• **Action item**: Repeat exactly the line that contains "Handmade in my" and every line after it, down to the last line of the entries below. Do not include pictures.

(Stored records)
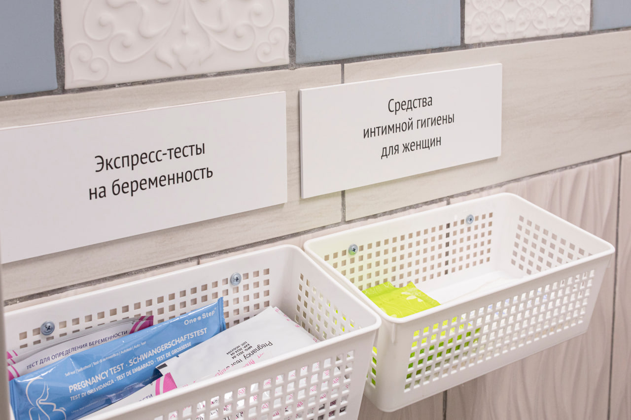 Поэтому прокладки (а также тесты на беременность и крем для рук) обычно всегда есть в свободном доступе в туалете для посетителей клиники. А еще предметы гигиены мы выдаем пациенткам с урологическими проблемами.
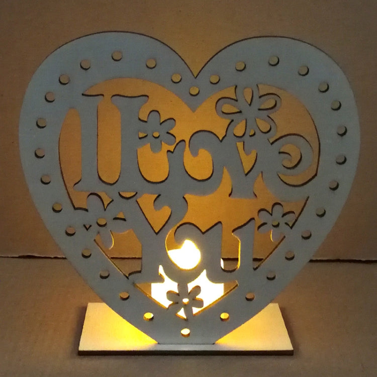 2 PCS Creative Heart Shaped Wooden Decoration Romantic Wooden Sign LED Candle Light(JM01455)
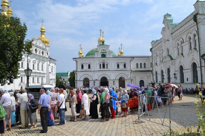 11 ликов — три из киевских монастырей и восемь - из разных епархий Украины —приняли участие в молебне на Владимирской горке и Крестном ходе в честь Дня Крещения Руси. 27 июля, после окончания масштабного молитвенного шествия (около 15.00) образа были внесены в Трапезный храм преподобных Антония и Феодосия Печерских.
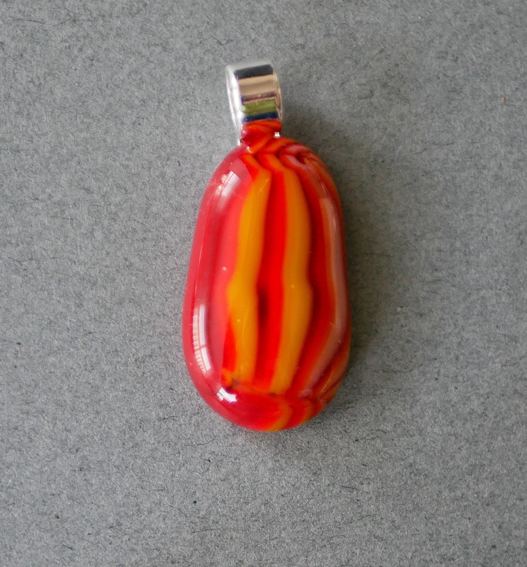 Handmade in my kiln by me! A pendant made from murrine scrap, creating a stripey pattern. These look a bit like sea cucumbers to me.
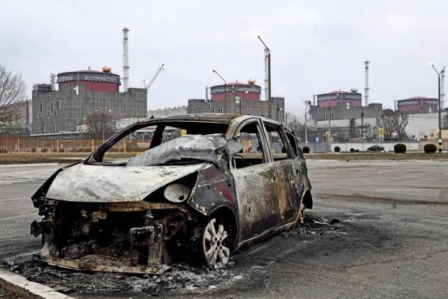 3月8日,烏克蘭扎波羅熱核電站周邊,一輛被燒毀的汽車。圖/人民視覺
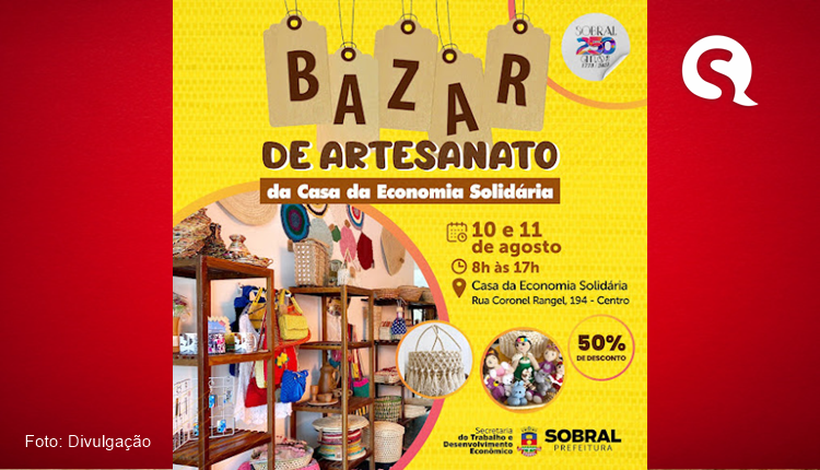Casa da Economia Solidária de Sobral realiza bazar de artesanato nos dias 10 e 11 de agosto
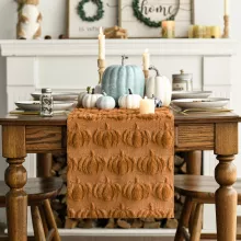 Whether you’re hosting a festive dinner, enjoying a cozy meal with family, or decorating for a fall-themed event, this table runner brings warmth and joy to your space. Its soft texture and elegant design make it ideal for both casual gatherings and formal occasions. Pair it with matching tableware and candles for a complete autumn-inspired tablescape that leaves a lasting impression.

• **Exercise result**:
 Handmade in my kiln by me! A pendant made from murrine scrap, creating a stripey pattern. These look a bit like sea cucumbers to me.
 3月8日,烏克蘭扎波羅熱核電站周邊,一輛被燒毀的汽車。圖/人民視覺
Casa da Economia Solidária de Sobral realiza bazar de artesanato nos dias 10 e 11 de agosto
 Whether you’re hosting a festive dinner, enjoying a cozy meal with family, or decorating for a fall-themed event, this table runner brings warmth and joy to your space. Its soft texture and elegant design make it ideal for both casual gatherings and formal occasions. Pair it with matching tableware and candles for a complete autumn-inspired tablescape that leaves a lasting impression.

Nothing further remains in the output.